How do you decide when a day has been a good day? Is it a comparison to other recent days you've just been through? Is there a certain percentage of good that has to happen to outweigh the bad? It's certainly not a pure number of events, because definitely one really crappy moment or important thing can 'ruin' a day, or make even the worst day good.

On any scale, I'd have to say today was a good day. Things at work went pretty well, I didn't have any unforeseen bad things happen to me, and I am still alive and able to post to this piece of crap blog, so I must be doing something right. I can see the stress level of the near future going down, which in any sense is good because it has been too high lately.
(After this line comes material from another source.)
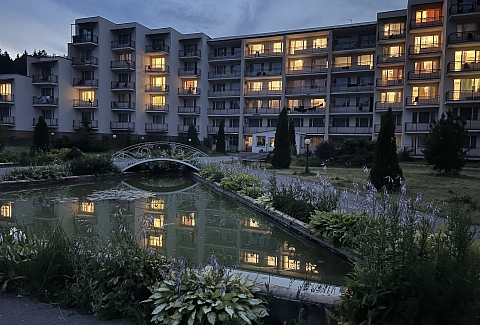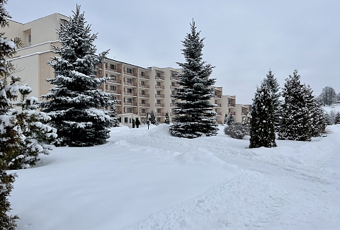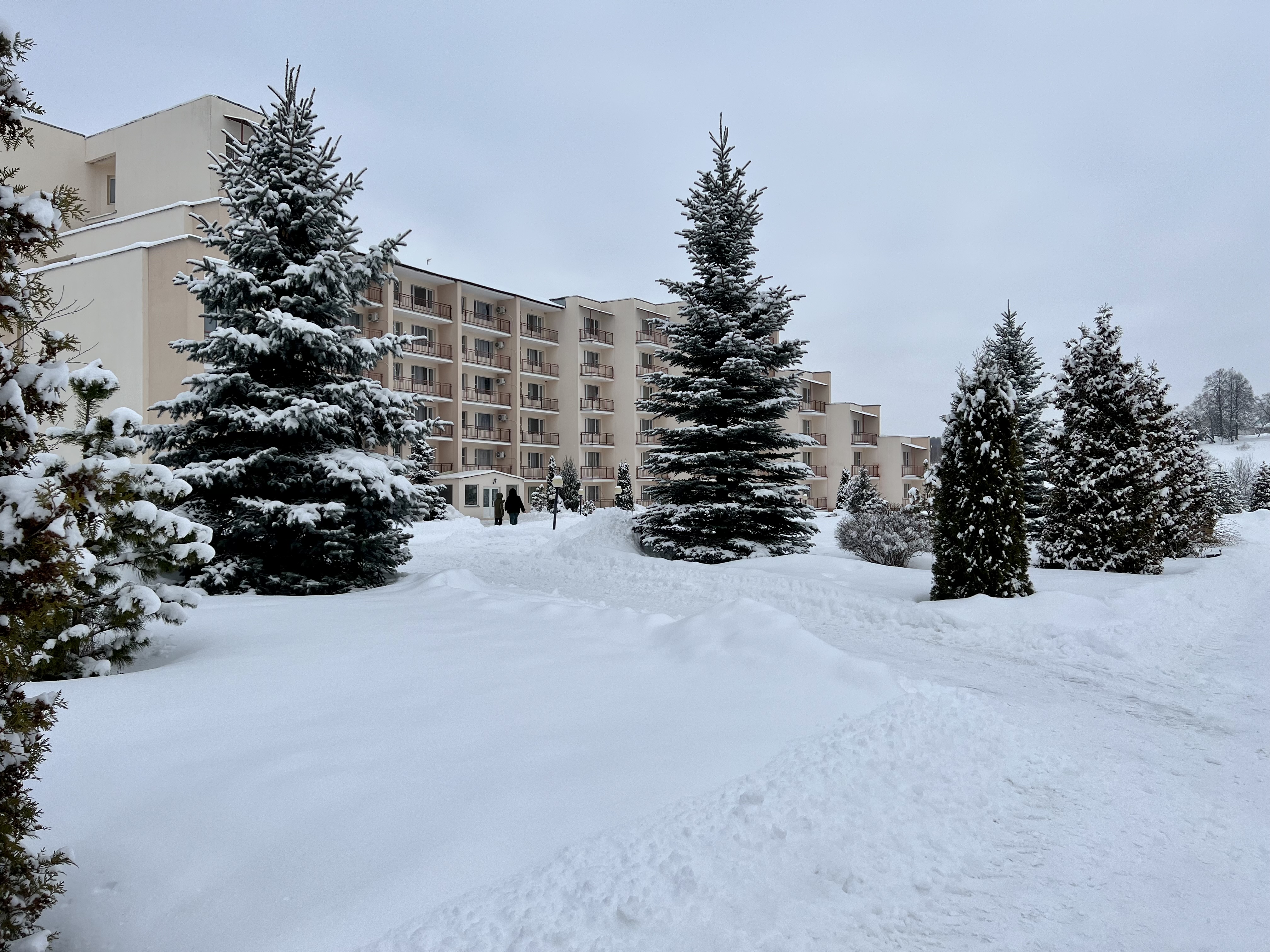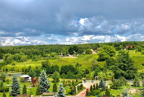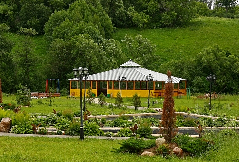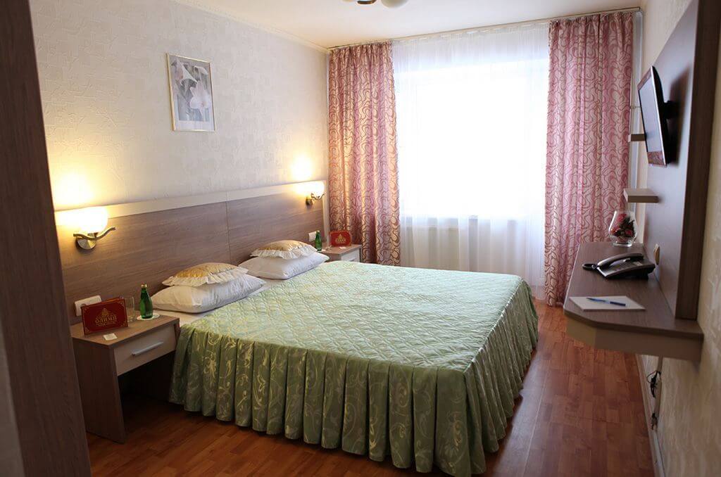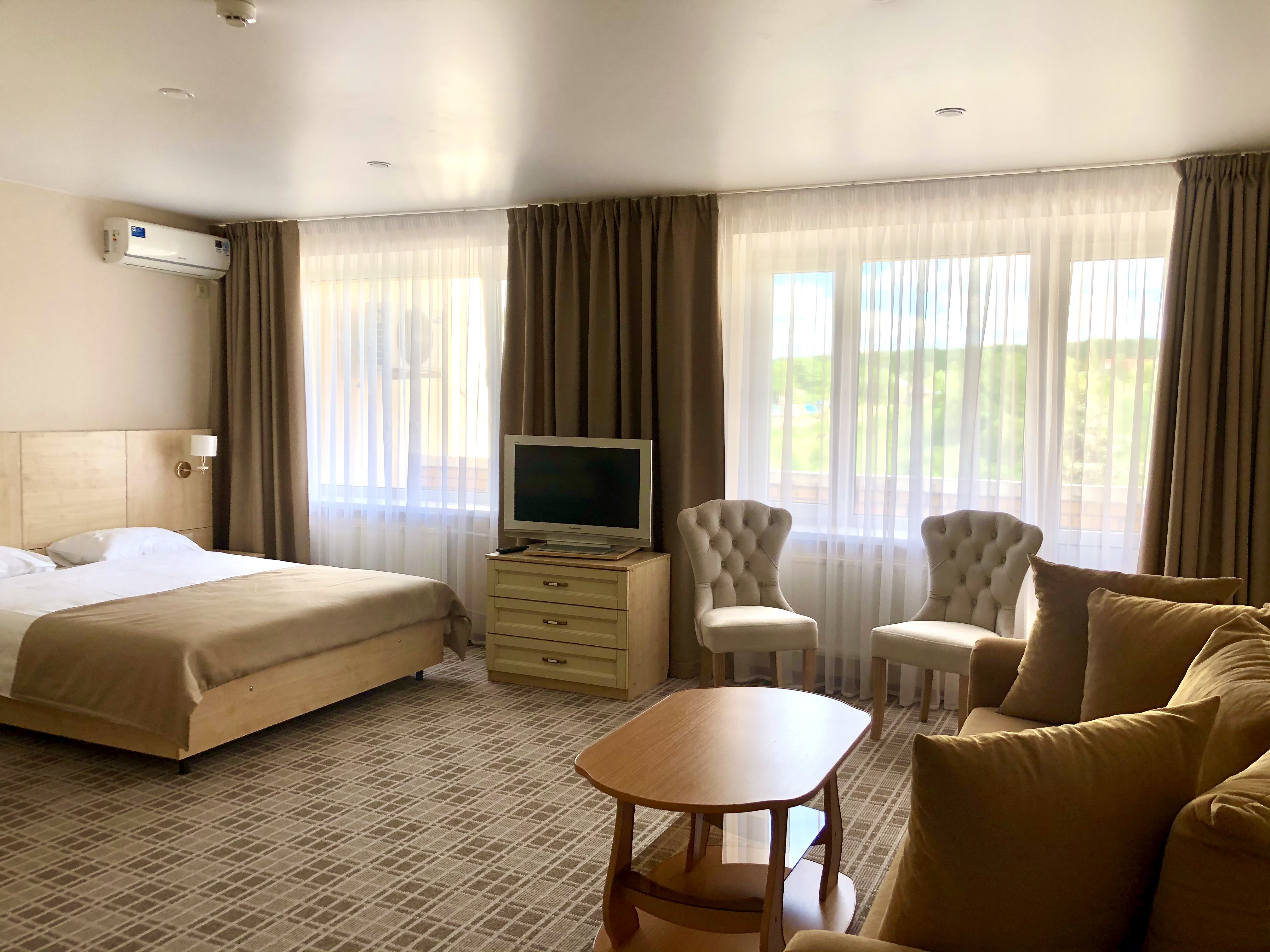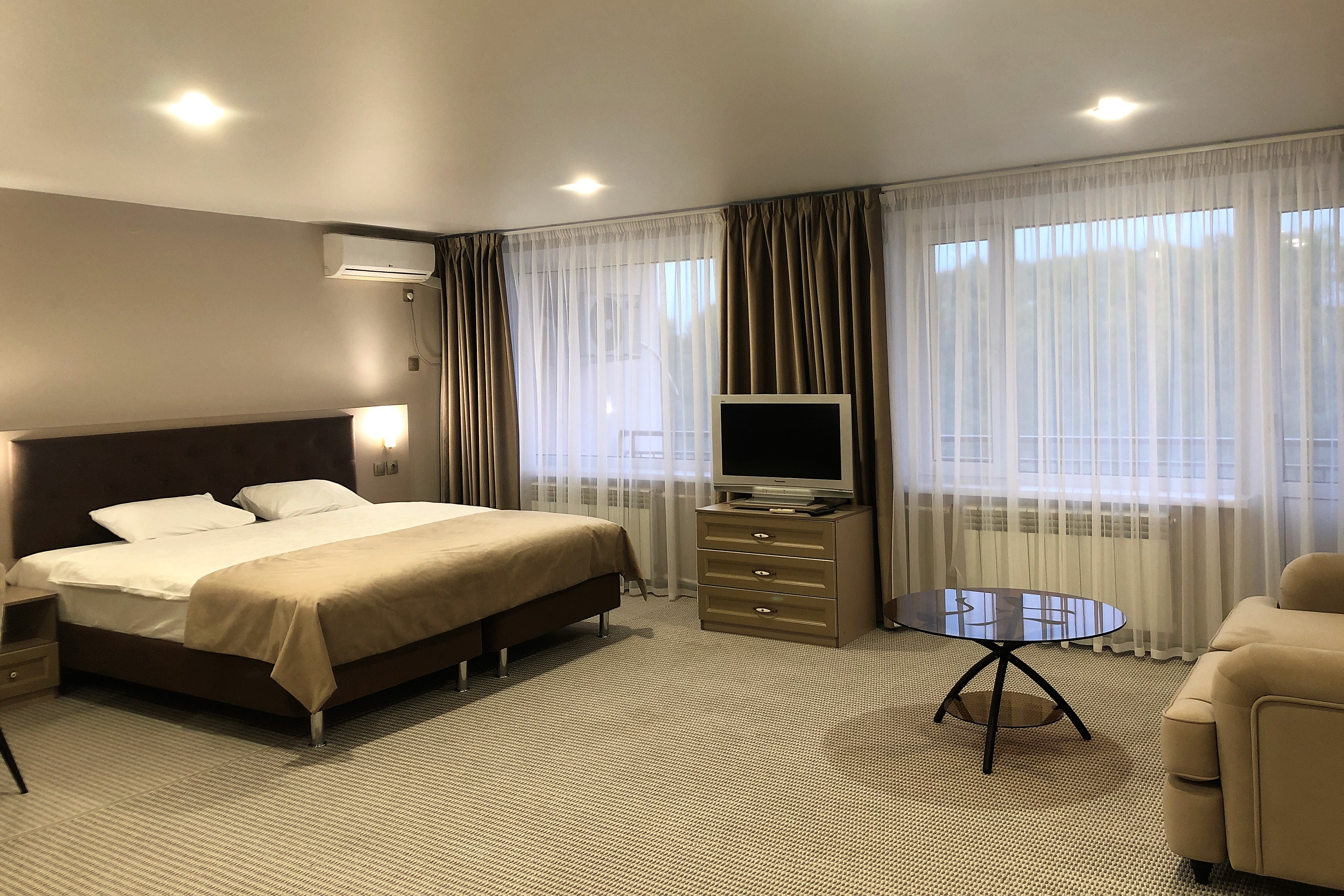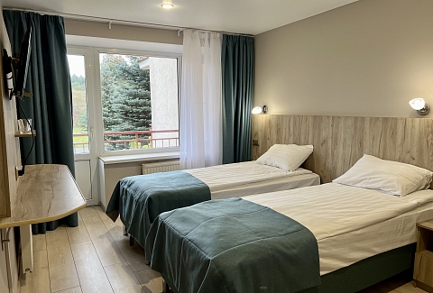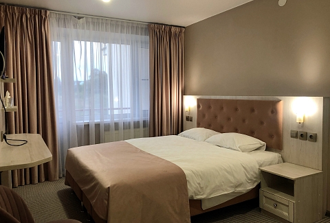 В целом, обширный номерной фонд отеля единовременно готов принять до 900 человек. Гостей ожидают комфортабельные двухместные номера категории Стандарт, Джуниор сьют и Люкс, оснащенные мебелью, санузлом с душем и косметическими принадлежностями. Отель предлагает на выбор двух-, трехразовое питание или только одни завтраки по системе «шведский стол», тип питания при небольшой численности гостей может быть изменен на сет-меню. Для отдыхающих на территории парк-отеля организован крытый бассейн 23х8, бильярд, караоке, настольный теннис, тир, аэрохоккей, кинозал, детский батут и лабиринт, детская игровая комната, сауны и открытые спортплощадки, оборудованные для игры в баскетбол, волейбол, бадминтон, футбол. Зимой – собственный горнолыжный комплекс с 2 горнолыжными трассами и тюбинговой горой, подъемники, освещение, прокат горных лыж, сноубордов и тюбингов, заливают каток, прокладывают лыжные трассы в лесу.В праздничные даты работает анимация. Для проведения различных мероприятий оборудованы конференц-залы, также в отеле есть просторные учебные аудитории. Отдыхающим доступны услуги прачечной, охраняемая парковка, беспроводной интернет и прокат спортивного инвентаря – велосипедов, коньков. Для детей парк-отель предлагает не менее развитую инфраструктуру. На территории обустроены площадки, есть детский городок, живой уголок, игровая комната с игрушками, в игровом зале батут и лабиринт. В праздничные дни проводятся детские дискотеки и работают аниматоры. Кроме того, предусмотрены прокат стульчиков, кроваток и детского спортивного оборудования – роликов, самокатов, велосипедов.

Measuring good days is very relative. I have to admit that I personally hate relativism. I hate that a lot of people don't find a common yardstick to rule what is right and what's wrong, and that we try to assume there is a collective moralism that helps us judge that, when we know we will trump it depending on our mood and if we can find something relative to excuse us from adhering to it.

However, good days are a certain relativism I can be glad for, because even though I cannot pinpoint what brings the smile to my face or takes my attention away from some bad things in life, I definitely feel good on the inside enough to know that it's not as bad as another day, and is in fact a much better one.

Why do people get mad? I had a psychologist ask me one time why I did not get mad after a certain event which I assume normally makes people mad. That question was what upset me. What good does it do a person to get mad? Do actual results come from that? I found it funny for a person that is supposed to help someone with things they are going through, to tell her client that he should get mad. I instantly felt like the smarter person in the room and that I was going to get no help there.

Why? Because intelligence is definitely rooted in logic and with logic a determined peace. I have vowed to myself to always try to make sense of a conflict I have with another person, and to try to use any understanding I get to resolve that with the person. Now, unfortunately this theory doesn't apply very well when a person is mad at me, because I can't avoid laughing my head off at inopportune times and probably making a situation worse. That isn't to say I wouldn't try to work with them to help them be less mad at me, I just don't understand madness enough to be sensitive to it, and so I make things worse for myself.

Don't be mad get glad. It always sounds like the easy answer that won't really happen, but you can definitely fool yourself into a good mood if you try hard enough. And why not, people may say you're in denial or hiding things to not confront them, but why not be happy when you can, bad things will likely happen sometime, and you might as well have something to look back on.

I feel like I haven't said anything tonight, but sometimes it's not the point.